▸ Input data
↓↓↓
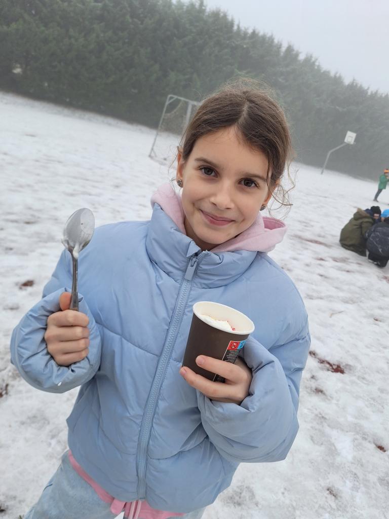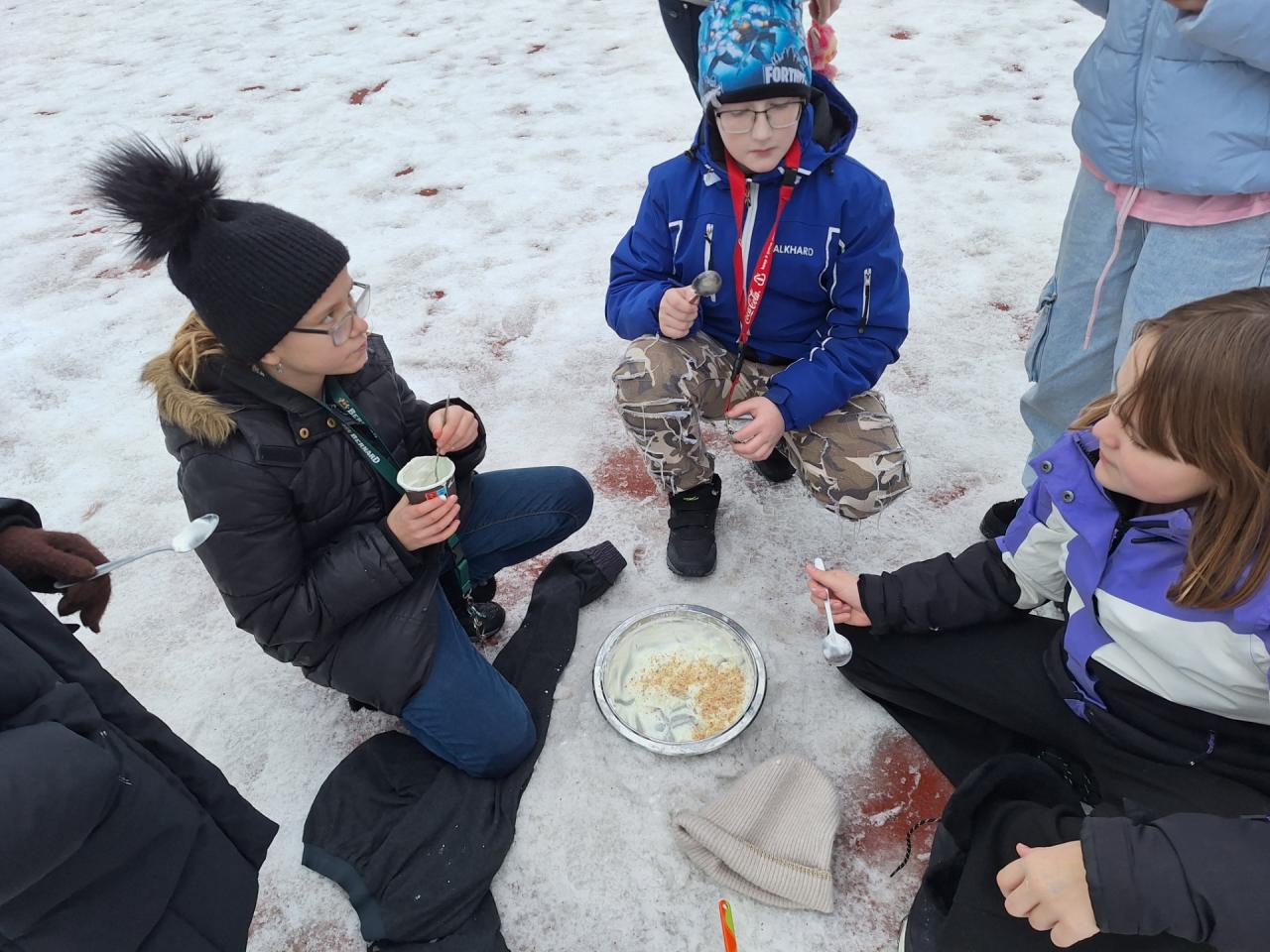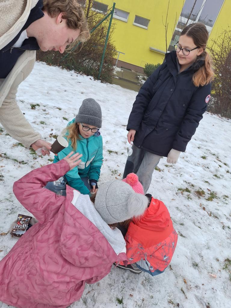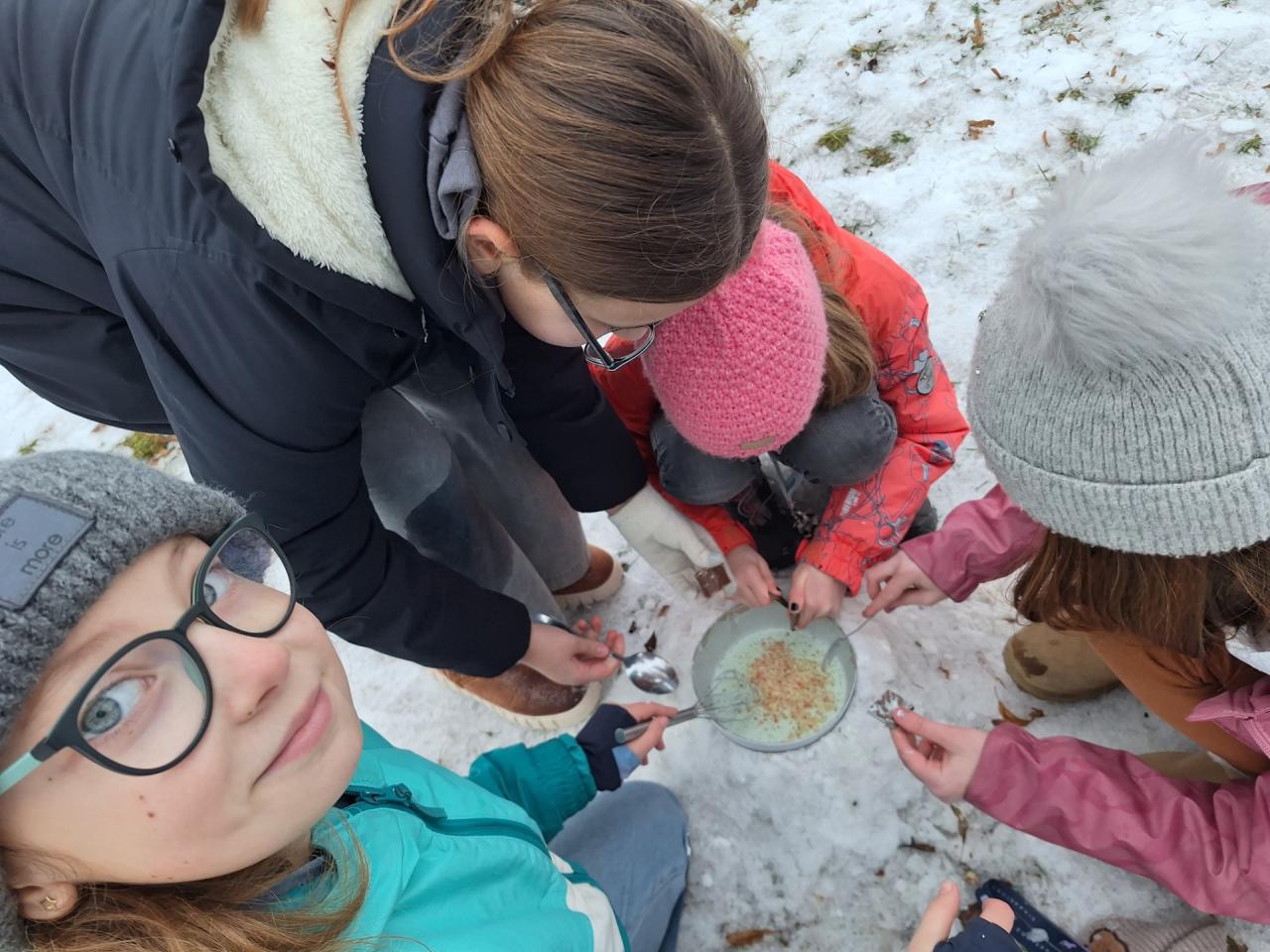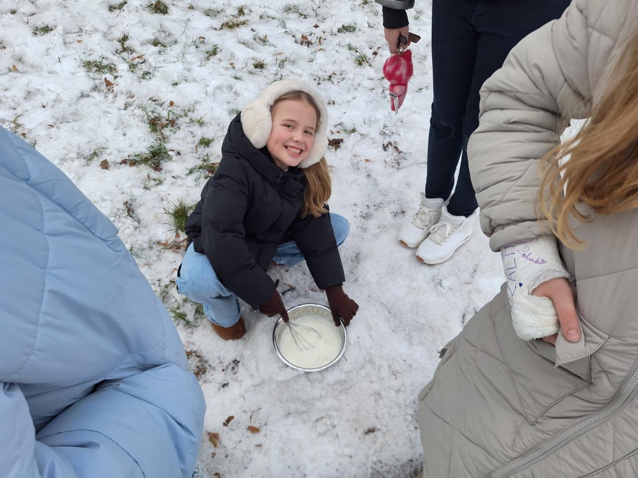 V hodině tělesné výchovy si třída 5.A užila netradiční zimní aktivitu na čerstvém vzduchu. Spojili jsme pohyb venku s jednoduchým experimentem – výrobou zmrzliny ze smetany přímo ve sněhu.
↑↑↑
↓↓↓
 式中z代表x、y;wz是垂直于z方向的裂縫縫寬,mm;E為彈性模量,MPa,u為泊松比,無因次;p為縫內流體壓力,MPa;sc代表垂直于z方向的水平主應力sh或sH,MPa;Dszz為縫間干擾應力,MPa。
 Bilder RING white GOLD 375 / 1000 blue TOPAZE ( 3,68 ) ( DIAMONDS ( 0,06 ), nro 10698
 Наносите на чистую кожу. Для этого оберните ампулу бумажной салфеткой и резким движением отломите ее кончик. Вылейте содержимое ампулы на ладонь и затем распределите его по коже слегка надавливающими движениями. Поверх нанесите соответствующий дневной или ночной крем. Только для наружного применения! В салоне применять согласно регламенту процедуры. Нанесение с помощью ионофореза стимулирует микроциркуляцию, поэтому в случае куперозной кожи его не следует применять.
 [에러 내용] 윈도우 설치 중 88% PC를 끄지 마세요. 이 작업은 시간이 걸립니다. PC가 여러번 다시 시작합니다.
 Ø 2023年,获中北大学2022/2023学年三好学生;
↑↑↑
↓↓↓
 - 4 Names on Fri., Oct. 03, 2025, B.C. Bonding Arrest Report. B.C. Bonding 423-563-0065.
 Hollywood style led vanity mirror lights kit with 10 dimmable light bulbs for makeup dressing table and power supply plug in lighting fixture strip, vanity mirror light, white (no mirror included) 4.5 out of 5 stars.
↑↑↑
▸ Work to complete
Pick out the lines above containing the word "white", then copy them.

▸ Answer section
 Bilder RING white GOLD 375 / 1000 blue TOPAZE ( 3,68 ) ( DIAMONDS ( 0,06 ), nro 10698
 Hollywood style led vanity mirror lights kit with 10 dimmable light bulbs for makeup dressing table and power supply plug in lighting fixture strip, vanity mirror light, white (no mirror included) 4.5 out of 5 stars.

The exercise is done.